Monday’s decision comes less than one month after Biogen posted positive one-year data from the Phase III VALOR SOD1-ALS trial that showed tofersen slowed the decline of disease through the lowering of SOD1 protein and neurofilament levels. Neurofilament is a marker of axonal injury and neurodegeneration.
Biogen did not specify if the follow-up VALOR data played a role in the FDA’s decision. The company declined BioSpace’s request for comment.
Developed by Biogen and partner Ionis Pharmaceuticals, tofersen is an antisense drug that binds and degrades SOD1 mRNA to reduce synthesis of SOD1 protein production.
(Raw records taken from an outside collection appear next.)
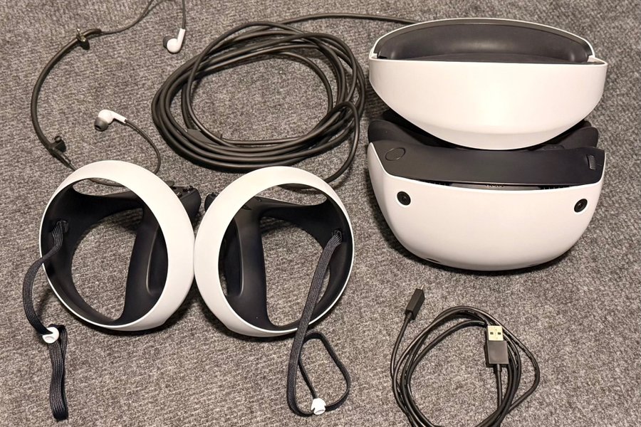 PlayStation VR2-headset med tillbehör enligt bild.
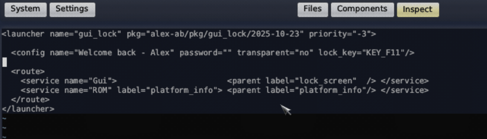With the presented configuration you are now able to configure a lock screen component for Sculpt 25.10 which can be activated via a global-key, e.g. F11.
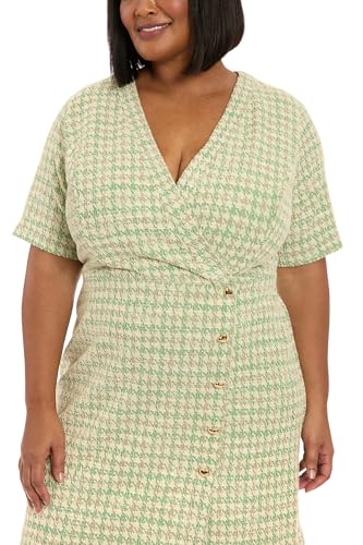 • Plus size dress, wrap dress, and short dress design featuring a V-neckline with decorative gold buttons along the side seam, short kimono-style sleeves, and a flattering knee-length cut that creates an elegant silhouette for comfort and movement
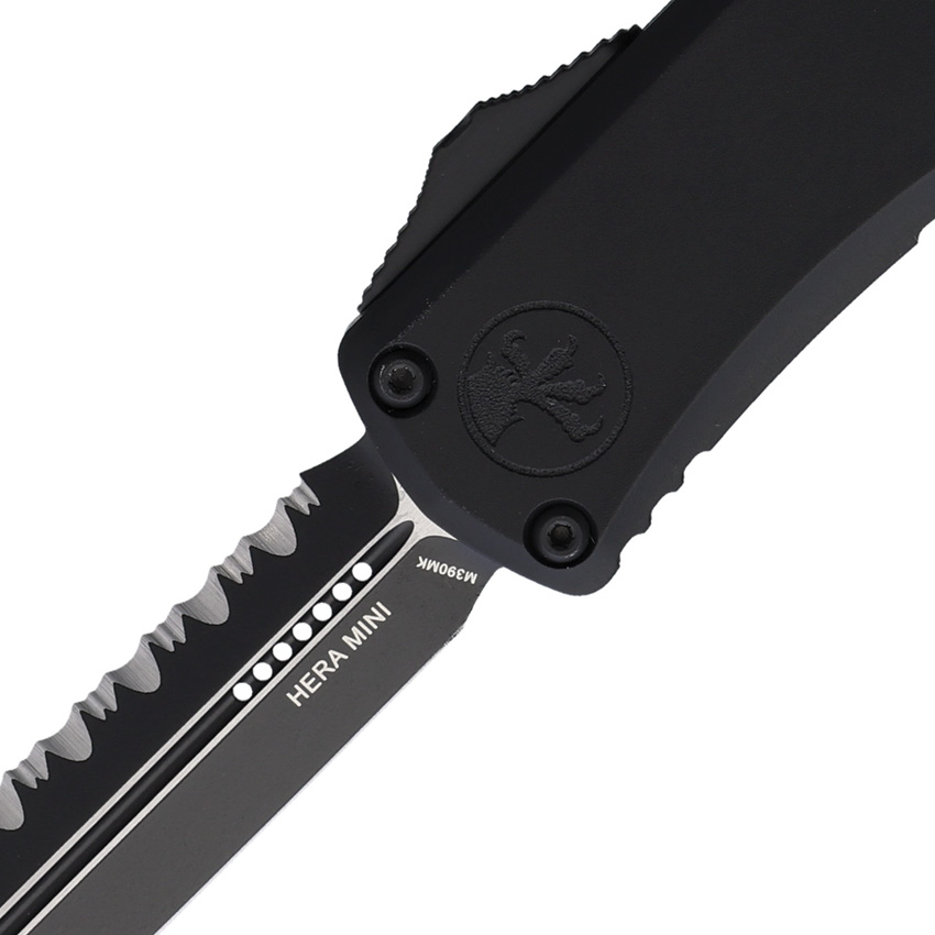 The Microtech Knives Auto Hera II Mini D/E OTF Black is a compact and powerful tool. The automatic opening mechanism ensures quick deployment, while the two-tone finish serrated Bohler M390MK stainless dagger blade delivers exceptional cutting performance. The black aluminum handle provides a secure and comfortable grip, enhancing the overall user experience.
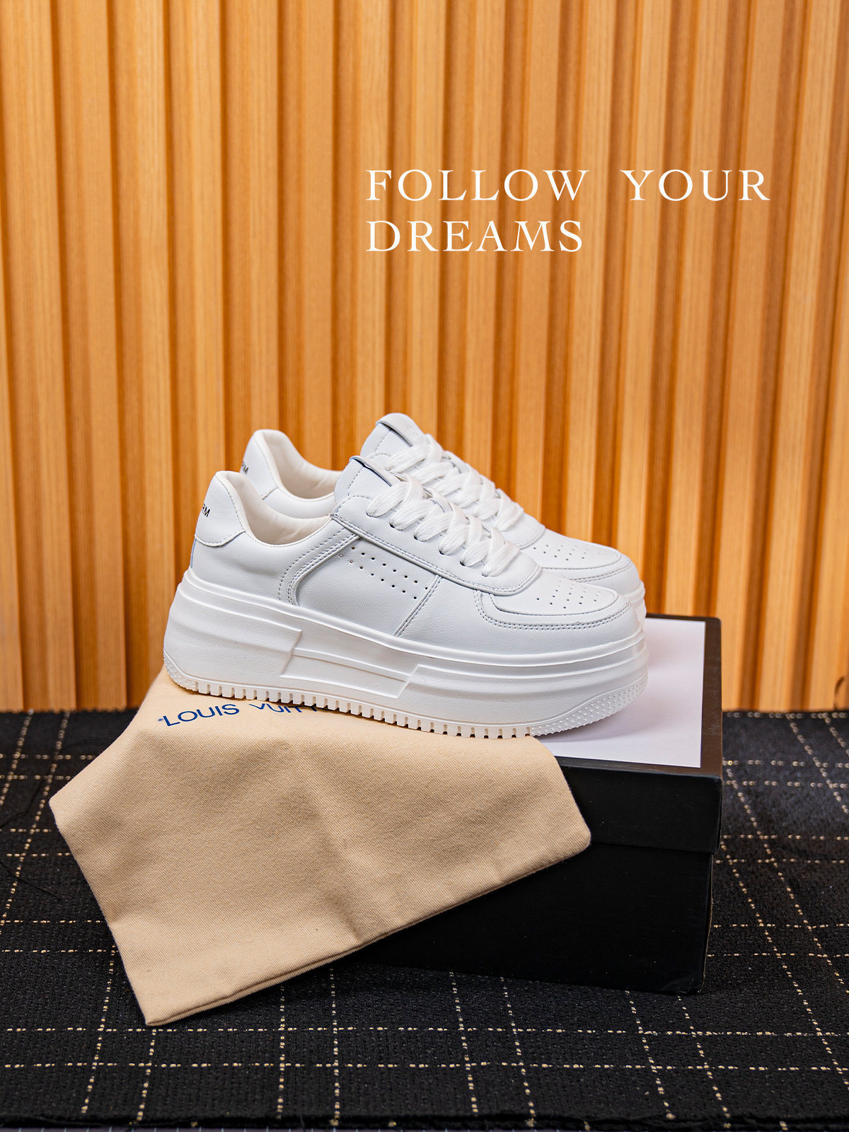 Shu Deng Genuine Leather Thick-Soled White Sneakers for Women, 2026 Spring New Style, Height-Increasing Lace-Up Round-Toe White Versatile Sneakers
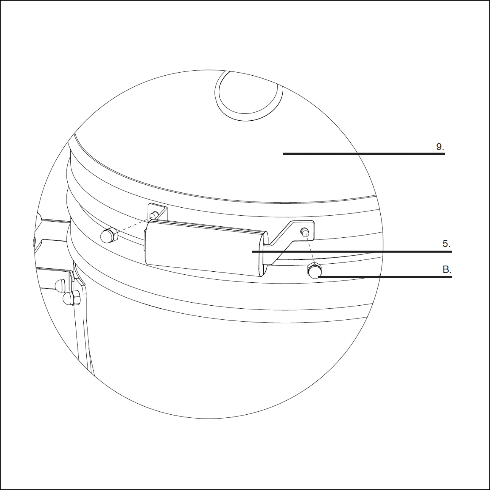 Attach the handle (5) to the lid of the Kamado grill (9) by aligning the bolt holes of the handle to pre-installed bolts on the lid.
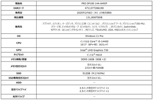 この度、エムエスアイコンピュータージャパン株式会社は2025年2月6日(木)よりビジネス向けデスクトップPCブランド『PRO DP』シリーズより、第14世代インテル(R) Core(TM) i5-14400、大容量メモリ、超高速SSDを搭載し、ビジネス用途に最適なWindows 11 Proプリインストール済みモデル「PRO DP180 14A-649JP」が新たにラインナップに加わります。

When initial data from VALOR was reported last year, tofersen missed its primary endpoint. At the time, the companies pointed to positive trends in secondary endpoints.
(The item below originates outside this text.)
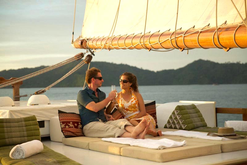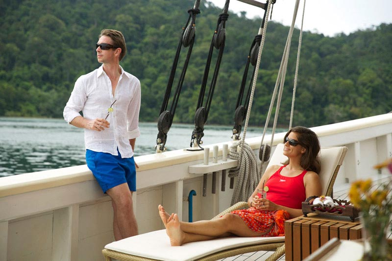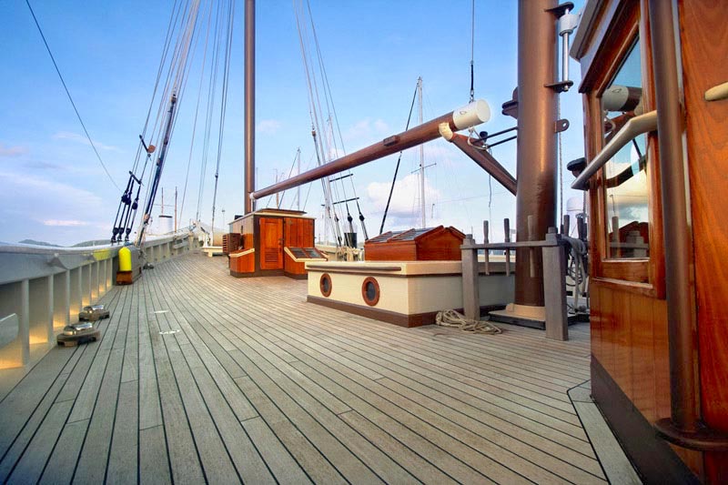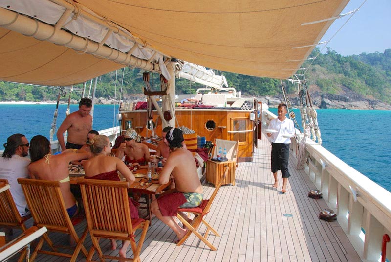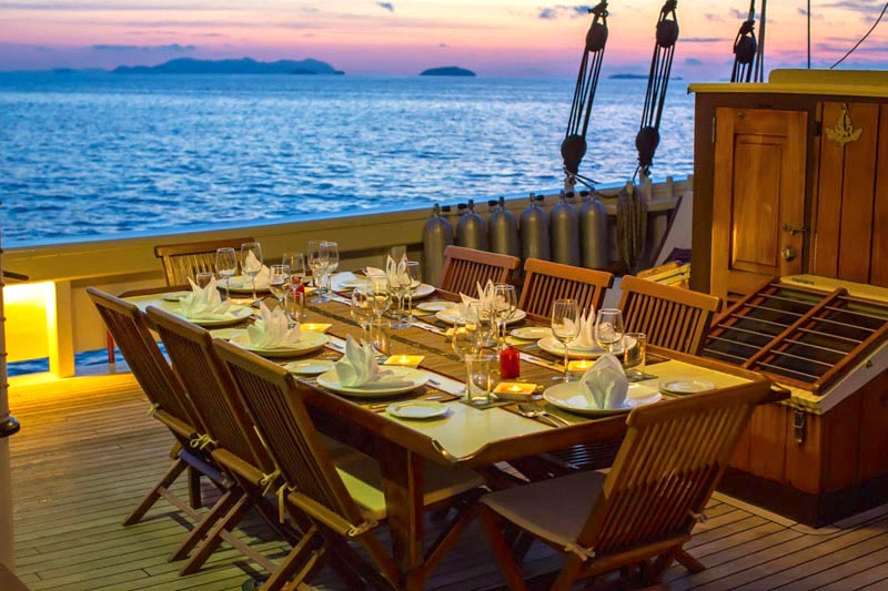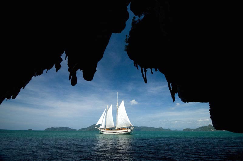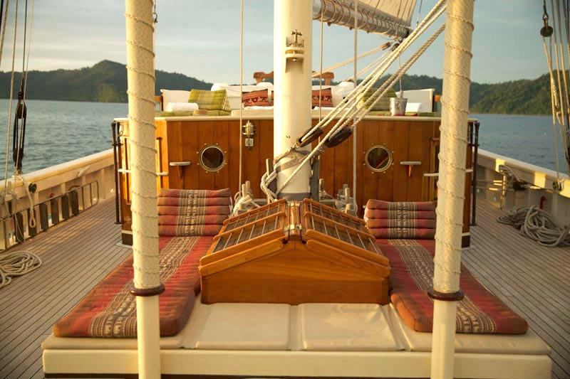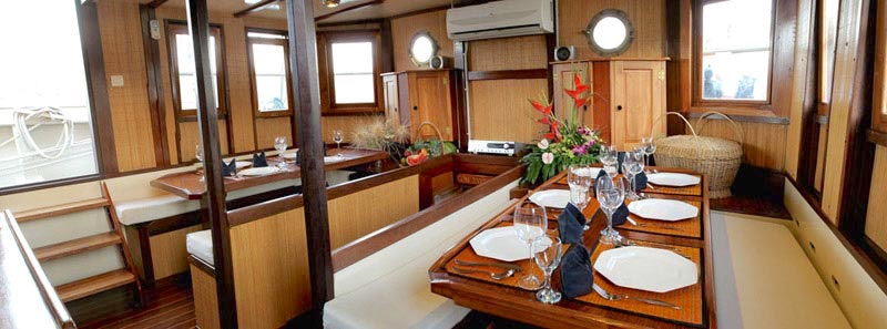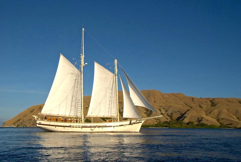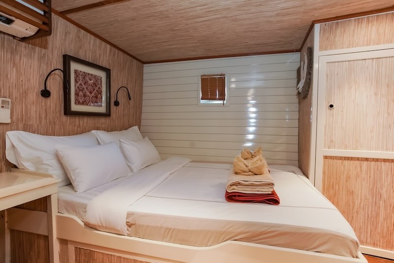 Raja Laut means King of the sea and this schooner type yacht comfortably accommodates 12 guests in 6 cabins (3 double bed cabins, 3 twin bed cabins), each with ensuite, mini safe, individually controlled air-conditioning and fan.
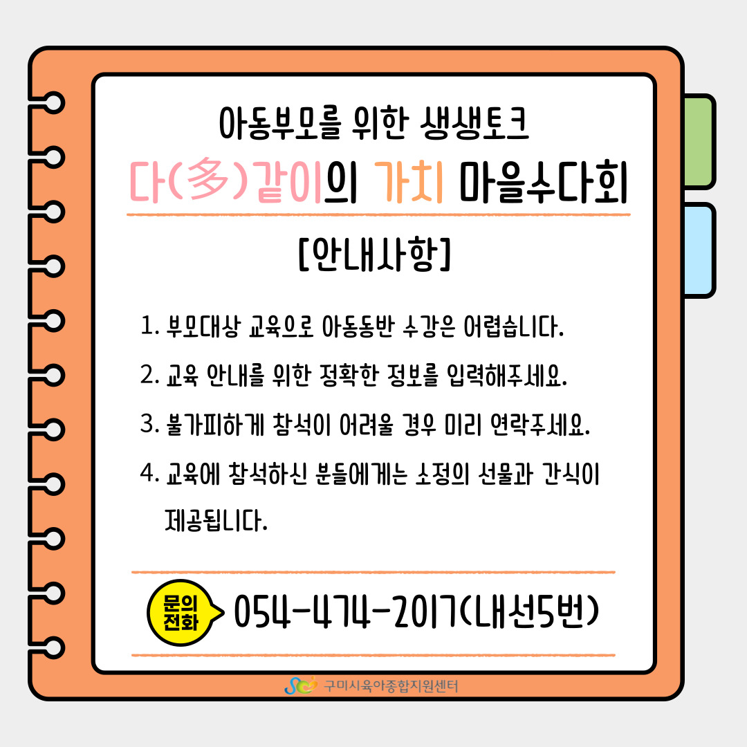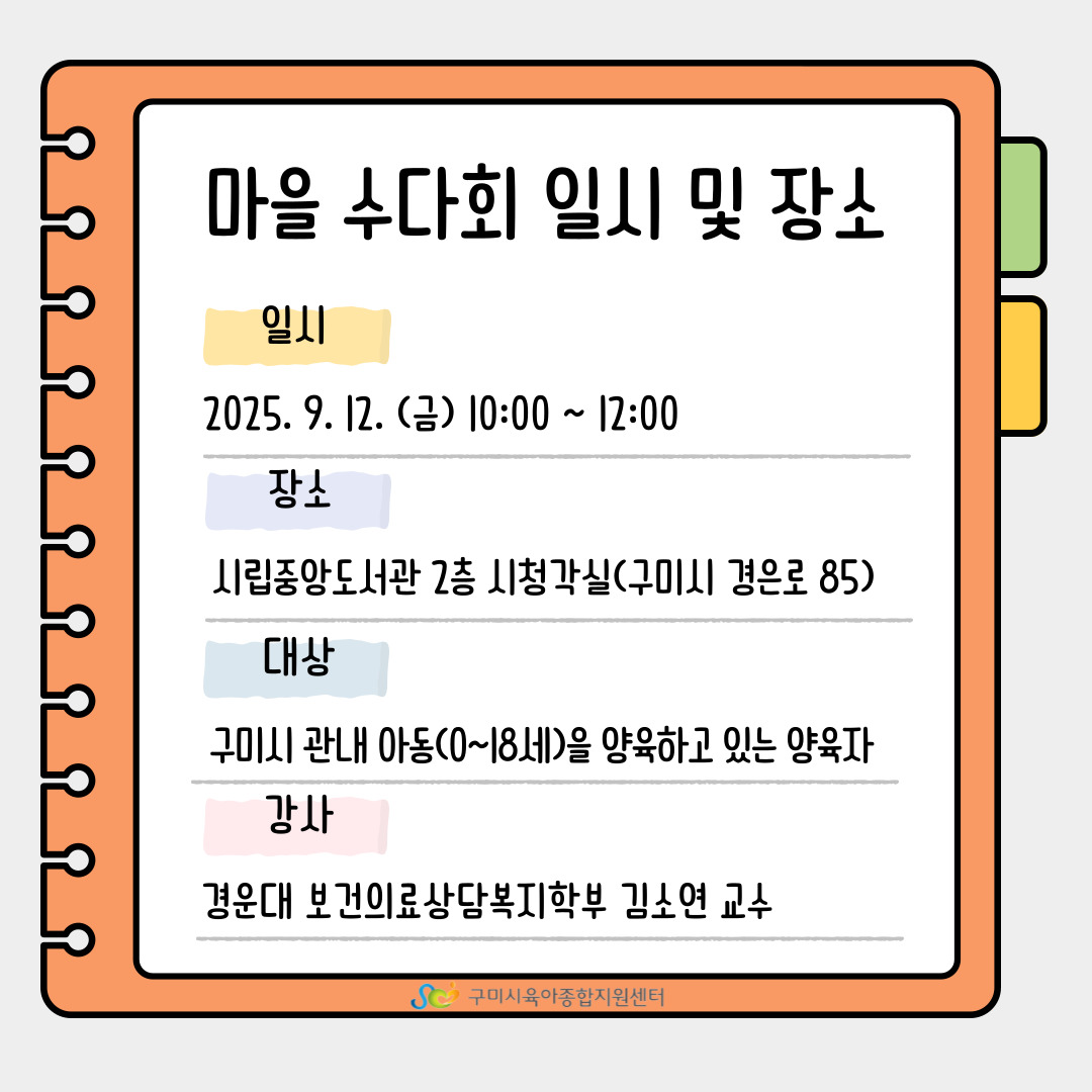 | 대상 | [개인+기관] [일반회원] 구미시 관내 아동(0-18세) 양육하는 양육자 | 강사명 | 경운대 보건의료상담복지학부 김소연 교수 |

Data reported in June from VALOR and an open-label extension trial showed earlier treatment with tofersen slowed patient decline across critical measures of function and strength in SODI ALS patients, Biogen reported.
SOD1 protein levels were reduced by 33% in patients who began treatment early. For those SODI ALS patients who began treatment at a later date, there was a 21% reduction. Additionally, plasma neurofilament levels were reduced by 51% in the early-intervention group and by 41% in the cohort that received the drug at a later starting time.
A rare form of the disease, SOD1-ALS is caused by mutations in the SOD1 gene. Life expectancy for this form of ALS varies but some data suggests it’s typically less than one year. Currently, there is no targeted treatment for SOD1-ALS.
Despite the delay, Biogen noted it remains committed to providing the FDA with the appropriate information so it can complete the review of tofersen. As the regulator continues its work, Priya Singhal, Biogen’s interim head of R&D and head of global safety and regulatory sciences, said the company will maintain its early access program for tofersen.
In addition to the ongoing open-label extension of VALOR, tofersen is also being studied in the Phase III ATLAS study. That trial is designed to evaluate whether tofersen can delay clinical onset when initiated in presymptomatic individuals with an SOD1 genetic mutation and biomarker evidence of disease activity.